En vertu de l'accord interprofessionnel du 10 décembre 1977 dont l'article premier rappelle qu'il est applicable à l'ensemble des salariés mensualisés, le chômage des jours fériés ne peut être la cause d'une réduction de la rémunération sous réserve pour l'intéressé qu'il ait été présent le dernier jour de travail précédent le jour férié et le premier jour de travail qui fait suite sauf autorisation d'absence préalablement accordée.
Alors que le contrat stipule qu'il est conclu à compter du 8 août 2005 et que l'employeur fournit une fiche hebdomadaire de tournée démontrant la présence de Madame Valérie Toutain le mardi 16 août, aucune pièce ne venant établir qu'elle était absente le vendredi 12 août précédent, ce qui n'est pas soutenu, il apparaît que la salariée pouvait prétendre au paiement de la journée du 15 août à hauteur de 52,95 euro.
Par ailleurs, faute pour l'employeur d'établir que conformément aux annotations figurant dans les bulletins de salaires des mois de janvier et février 2006, Madame Valérie Toutain n'a pas accompli de travail effectif sur la durée totale prévue au contrat, c'est à bon droit que le conseil des prud'hommes a condamné la société Sico à verser le montant du salaire indûment retenu.
Le jugement du conseil des prud'hommes sera donc confirmé de ce chef
IV) Sur le harcèlement moral
Les quatre notes écrites transmises par le chef de secteur à Madame Valérie Toutain, certes, mais également à l'ensemble des vendeurs dans le but de stimuler leur activité et d'améliorer les résultats ne permettent pas de considérer que la salariée ait été victime de pressions répétées d'une force telles qu'elles pouvaient constituer un harcèlement moral.
La demande formulée à ce titre sera donc rejetée.
En raison des circonstances de l'espèce, il apparaît équitable d'allouer à Madame Valérie Toutain une indemnité en réparation de tout ou partie de ses frais irrépétibles dont le montant sera fixé au dispositif.

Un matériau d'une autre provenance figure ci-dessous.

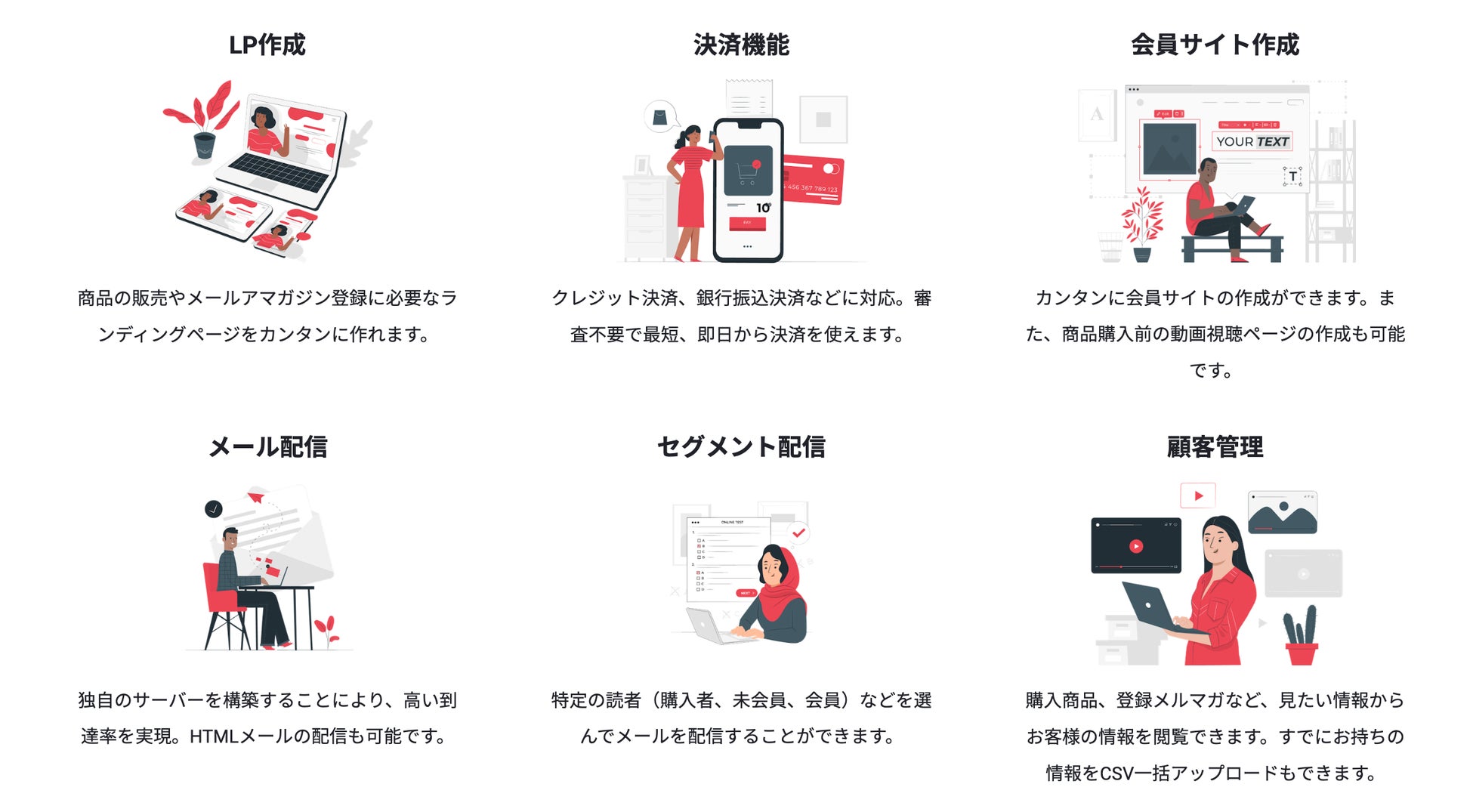 本サービスでは、オンライン講座の販売から、レッスン動画の提供までに必要な機能を無料で使うことができます。操作性を重視し、専門的な知識や技術がなくても目的に応じたWEBページ、会員サイトも作成できます。また、メール配信機能も搭載することで、販売からコンテンツの提供までワンストップで行うことができます。これまで、専門知識や技術がなくWebページや会員専用サイトを作れなかった企業や個人、知識や技術はあるが制作時間が確保できなかった企業や個人の可能性を広げるツールとしてリリースしました。

Par ces motifs, LA COUR, Confirme le jugement entrepris en ce qu'il a condamné la société Sico à verser à Madame Valérie Toutain la somme de 290,98 euro au titre des retenues sur salaire outre 29,10 euro au titre des congés payés y afférents, Le réforme pour le surplus, y additant, Condamne la société Sico à verser à Madame Valérie Toutain les sommes suivantes : - 4 000 euro de dommages-intérêts pour licenciement sans cause réelle et sérieuse; - 600 euro d'indemnité par application de l'article 700 du nouveau Code de procédure civile. Dit que les sommes à caractère salarial produiront intérêts au taux légal à compter de la convocation de l'employeur en conciliation et que les sommes à caractère indemnitaire produiront intérêts au taux légal à compter du présent arrêt. Déboute les parties de leurs autres demandes. Laisse les dépens à la charge de la société Sico.